I do not know you have gold in solution, as far as you know you do not either, you may believe you do because you seen it disappear when you put it into acid and added the sodium hypochlorite, but without testing you could no longer see it, so your gold just disappeared, here is where using your test solution will prove to you where your gold is, by allowing you to see a reaction of reduced gold in your stannous chloride test, the violet color verifies your gold is or is not in solution, it is you eyes to allow you to see the gold when you can no longer see it. Note the stannous chloride test must be able to reduce the gold for the test to work, if you have too much oxidizer in solution like chlorine the gold will not reduce so you have to remove the oxidizer before the test will work.

This is also true for precipitating your gold with sodium metabisulfite, the SMB will not be able to reduce the gold in solution back to a metal if you have too much oxidizer like chlorine in solution, which just keeps re-oxidizing the gold back into solution as ions.

What could have happened with your gold? Is it still there?

What may have happened is you used way too much bleach, put your gold into solution, but also raised the pH of the acid to salt water or a basic solution, which will hold chlorine, besides the water involved in both the acid used, and the bleach used, water is also formed in the reaction, so at that point you could have had a pretty dilute solution of salt NaCl gold salt AuCl3 and water, mixed with chlorine.

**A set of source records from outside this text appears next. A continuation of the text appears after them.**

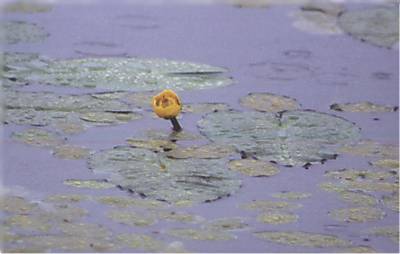 写真は幌延(ほろのべ)のビジターセンターで撮りました。雨が降っていたので、その場では何のコウホネか区別がつきませんでしたが、現像してみたら中心が赤っぽく写っていたので、どうやらこれはオゼコウホネだったようです。
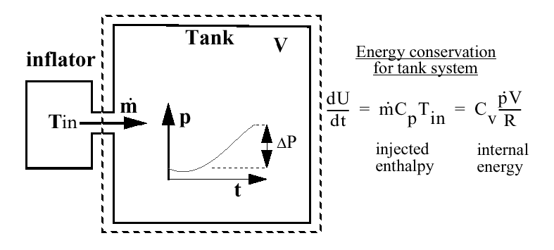 - Total injected mass, which can be derived from the mass of propellant in the pyrotechnic inflator and the chemical reaction; 40% is a typical value for the ratio of the produced mass of gas to the solid propellant mass.
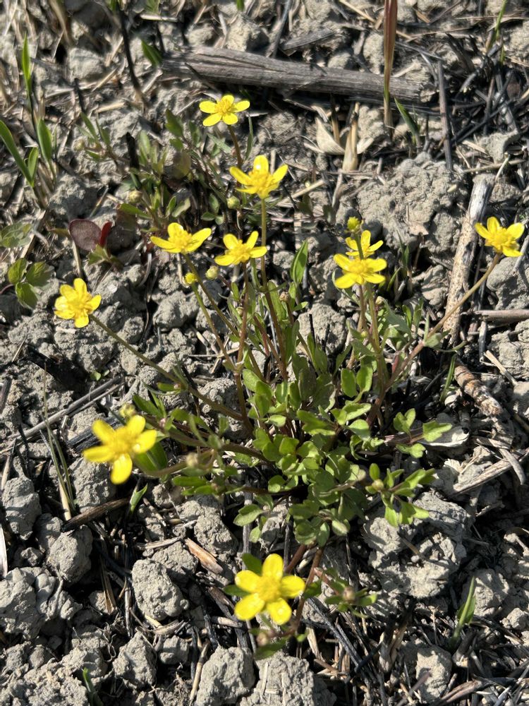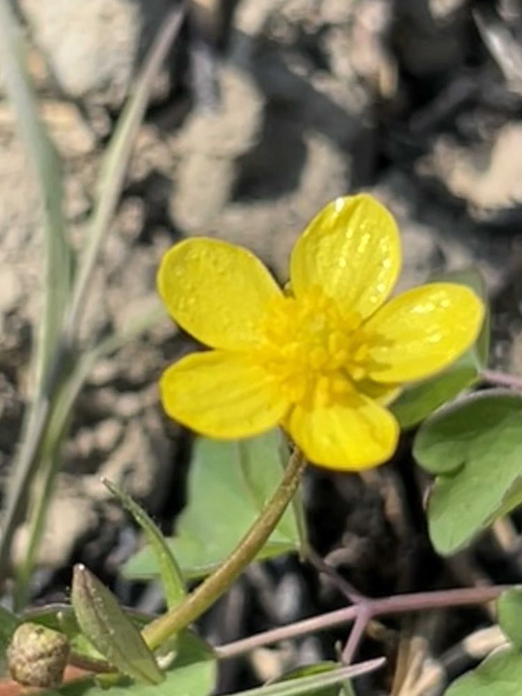 黄色い花‥ウマノアシガタですよね😆キラキラ光っていましたょ✨葉っぱあまり写ってなくてごめんなさい🙏確かに馬蹄形(鋸歯は浅め🤔鋸歯は個体差があるらしいです)でした。
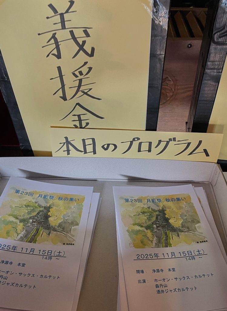 お堂いっぱいに音楽好きが集い、心ゆくまでジャズのリズムにのって ふっと力が抜けた時、住職さんの尺八が奏でる”枯れ葉”もジャズ!
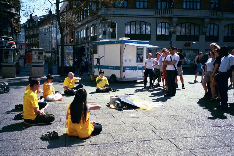 下午一时,我们来到闹市区的步行街上的KULTORVET小广场上,挂上大法横幅,世界大法日的标志,气球以及图片,一位学员带来了她经过多日绘制的漂亮的大法展板。还有一位母亲推着婴儿车,带着她出生才几个月的孩子,也赶来参加庆祝活动。
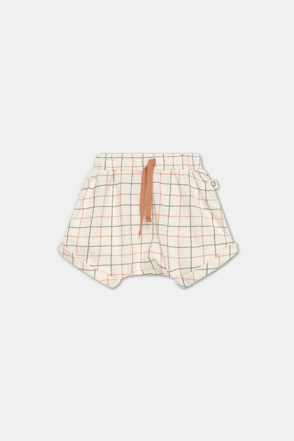 Organic crepe shorts in an all-over plaid pattern. They feature an elastic drawstring waistband and rolled-up hems.
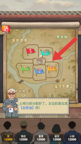 2、實(shí)體信息有新新草原、黑土地、中盆地、海灣平原等區(qū)域名稱,以及文字“土地已經(jīng)分配好了,五位趕緊出發(fā)【去挖油】吧!的任務(wù)提示,屬于分配挖油任務(wù)的場景。
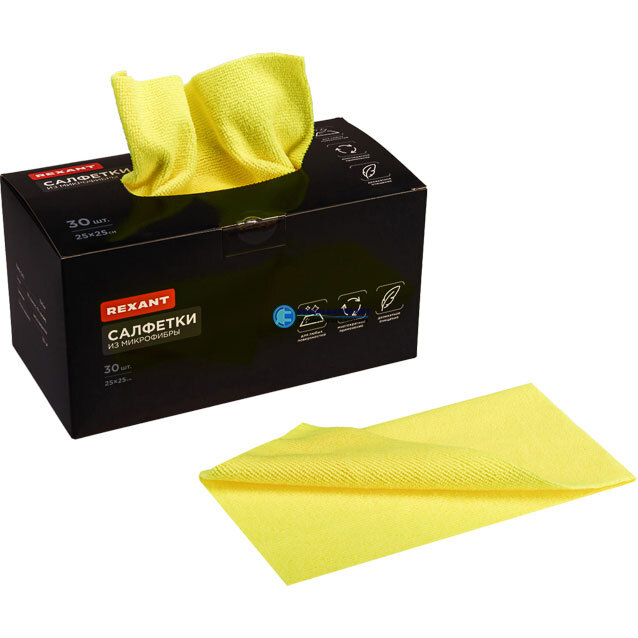 Салфетки из микрофибры картонной коробке, 25х25см, 200 гр/м2, 30 шт. в коробке, код 80-0808, производитель REXANT

Then you added sodium metabisulfite and added more water to the mix, which will also form bisulfate salts as the SO2 gas leaves solution, the chlorine overwhelming your SMB keeping your gold in solution.

With just a little gold salt dissolved in solution the color is yellow, but with as much water as you have and all of the other salts in solution and as dilute as it is, you may have dispersed the gold in solution so much it diluted the yellow to where you cannot see it.

Heating this solution will concentrate it and all of the different salts involved, it can also help to drive off free chlorine gas (better if solution is acidic), the SMB has already reacted and may or may not reduce your gold when you concentrate the solution, it could just form a more concentrated bisulfate salt, along with the other salts in your solution.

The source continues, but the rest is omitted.